Карамзин создал стереотип русского путешественника по Европе. И десятки русских писателей — от Василия Львовича Пушкина до Достоевского — поверяли свои впечатления «по Карамзину», копировали или спорили, пародировали, но неизменно точкой отсчета своего поведения брали образ Карамзина. Читая рассказ Толстого «Люцерн», современный нам читатель не видит тени Карамзина, лежащей на его страницах.
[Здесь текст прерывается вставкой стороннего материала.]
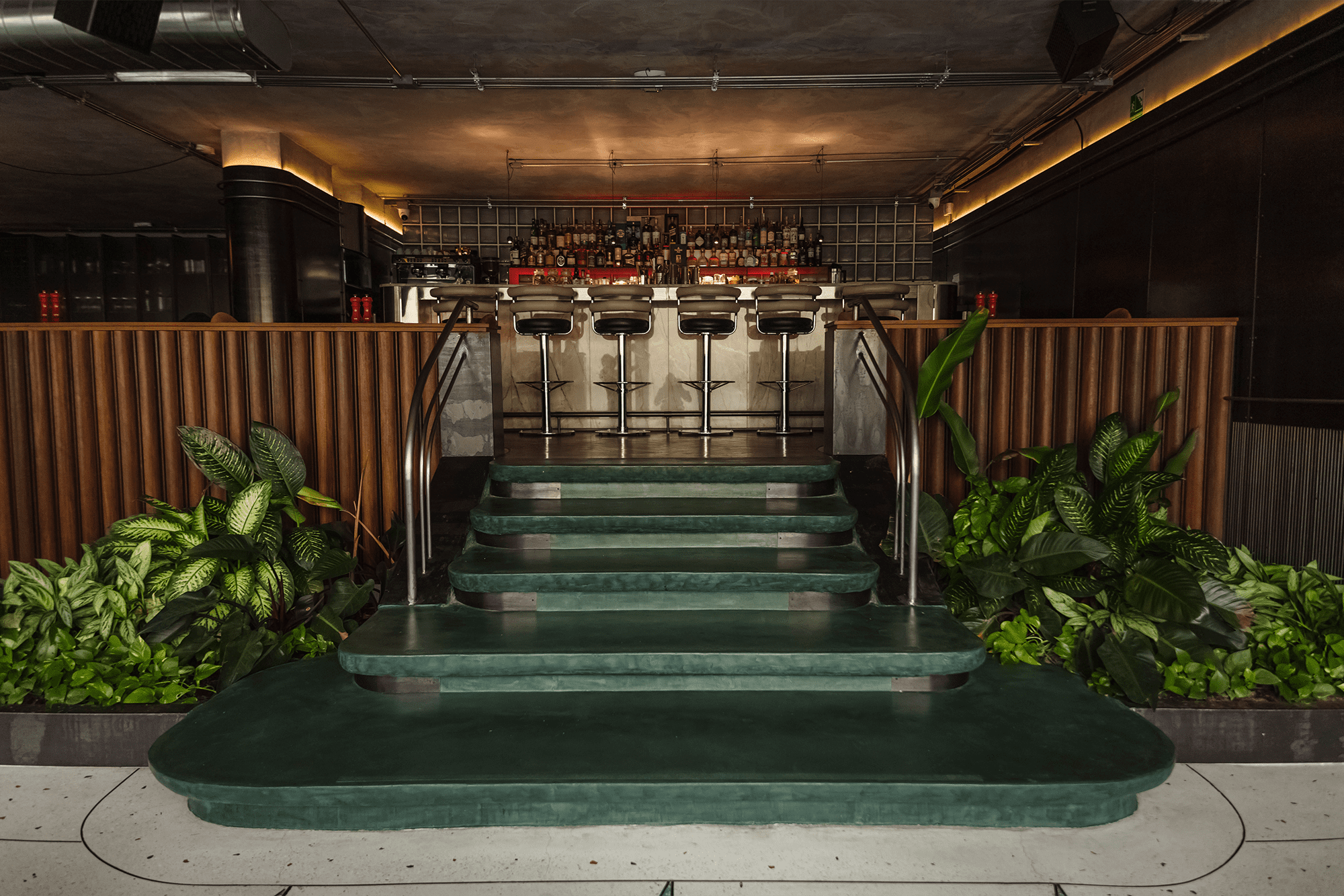 “Buscamos honrar la memoria del jazz por medio del programa —que incluye barra, cocina, escenario, un espacio suficiente para los visitantes y varios servicios complementarios—, así como mediante una estética dieselpunk —un género narrativo influenciado por el art déco, el jazz, la ficción pulp, el expresionismo alemán y el cine noir—”, explica el arquitecto Ernesto Lafaurie, cofundador de Colette Studio.

Но Толстой знал, с кем он спорит, и его читатели тех лет знали это тоже.

Маяковский, покидая Париж в 1925 году, написал:

Подступай
к глазам,
разлуки жижа,
сердце
мне
сантиментальностью расквась!
Я хотел бы
жить
и умереть в Париже,
Если б не было
такой земли —
Москва [547].

Слово «сантиментальность» совсем не случайно у Маяковского: стихи эти — весьма точная цитата. «Я хочу жить и умереть в моем любезном отечестве, но после России нет для меня земли приятнее Франции», — писал Карамзин, расставаясь с Парижем. Маяковский не только наизусть помнил эти слова, но, прощаясь с Парижем, ощутил себя все тем же «русским путешественником» за границей. Параллель эта вызвала у него даже некоторую досаду, что видно из иронических в собственный адрес слов о сердце, расквашенном сентиментальностью.
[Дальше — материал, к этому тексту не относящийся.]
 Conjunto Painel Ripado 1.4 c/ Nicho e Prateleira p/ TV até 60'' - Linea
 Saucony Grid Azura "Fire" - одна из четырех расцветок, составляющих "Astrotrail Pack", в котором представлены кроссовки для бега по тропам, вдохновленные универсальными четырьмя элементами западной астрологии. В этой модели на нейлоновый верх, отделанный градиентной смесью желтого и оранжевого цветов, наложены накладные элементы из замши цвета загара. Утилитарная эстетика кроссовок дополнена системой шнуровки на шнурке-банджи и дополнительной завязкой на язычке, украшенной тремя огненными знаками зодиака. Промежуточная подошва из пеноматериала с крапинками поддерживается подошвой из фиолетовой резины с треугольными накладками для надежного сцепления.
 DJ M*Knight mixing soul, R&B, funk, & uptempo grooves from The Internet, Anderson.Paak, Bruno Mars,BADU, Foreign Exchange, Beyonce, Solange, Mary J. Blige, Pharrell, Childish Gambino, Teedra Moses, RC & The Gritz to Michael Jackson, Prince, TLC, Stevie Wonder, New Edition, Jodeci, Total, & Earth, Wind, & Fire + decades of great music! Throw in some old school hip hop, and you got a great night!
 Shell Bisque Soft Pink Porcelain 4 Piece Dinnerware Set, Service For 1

Но у образа «русского путешественника» было еще одно будущее: он трансформировался в образ «русского скитальца». Не случайно Герцен в Париже 1848 года вдруг так горячо перекликнулся душой с уже почти забытым им Карамзиным. Вряд ли случайно и то, что Достоевский, когда работал над «Подростком», «думая воскресить мечты детства», «читал Карамзина» [548]. Вообще в теме «Россия и Запад», как только она в той или иной форме возникает, неизменно мелькнет тень Карамзина.
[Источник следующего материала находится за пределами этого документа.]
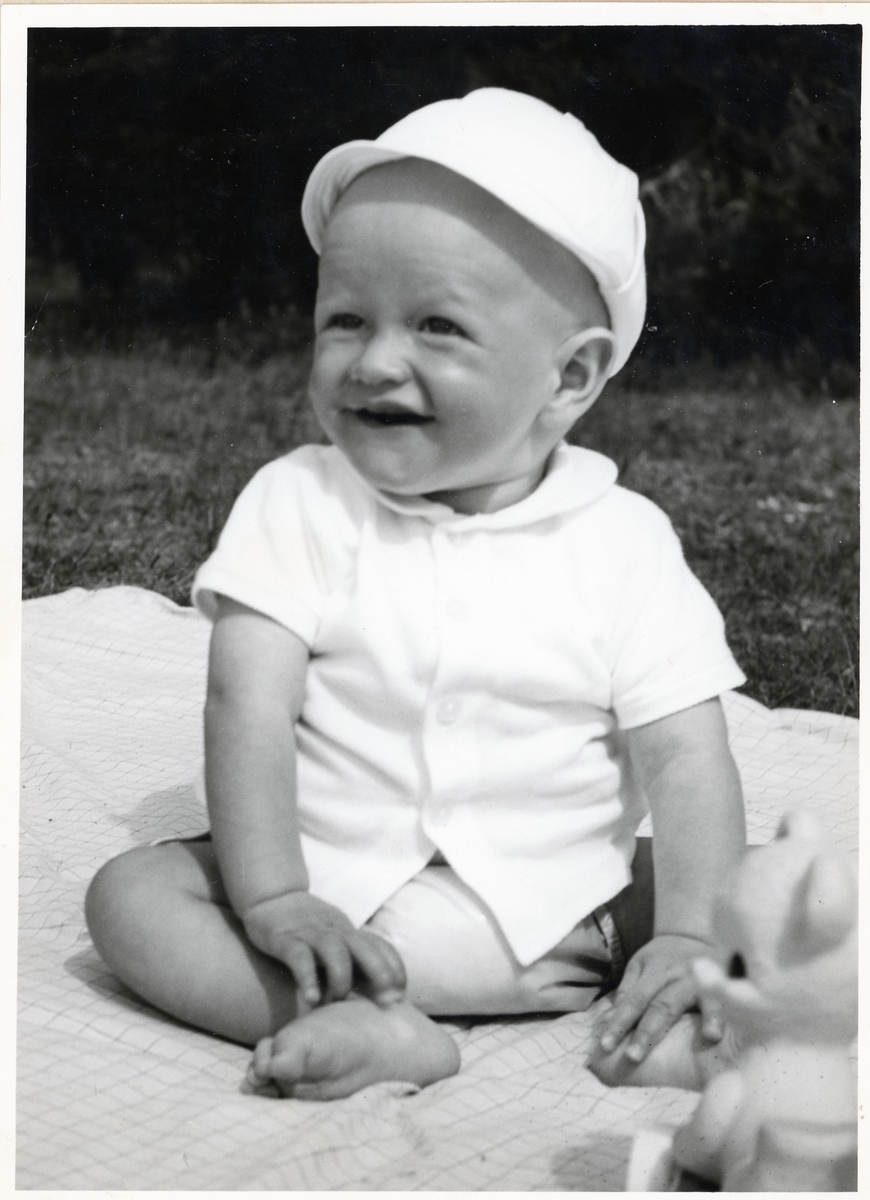 Fotografi på Ola som är på Öland sittande på en filt med en leksak, 1963.

Но и другие «роли», созданные Карамзиным, не пропали в человекостроении русской литературы. Они выступают в тургеневском сочетании глубокой скептической разочарованности с культом красоты, и слова: «Венера Милосская <…> несомненнее римского права или принципов восемьдесят девятого года», — таят в себе позу, генетически восходящую к Карамзину второй половины 1790-х годов. Достоевский это чутьем уловил, и именно «Довольно» инспирировало образ Тургенева — Кармазинова. Но еще глубже и органичнее связь Карамзина-историка и исторического мыслителя 1820–1826 годов с автором исторических размышлений в «Войне и мире». Если Карамзин начинал свою Историю с твердой верой в государство и, следовательно, в силу правительственной деятельности, то занятия, размышления — особенно в связи с временем Ивана Грозного — все больше подводили его к мысли о загадочности исторических судеб народов и о фактическом бессилии личного начала.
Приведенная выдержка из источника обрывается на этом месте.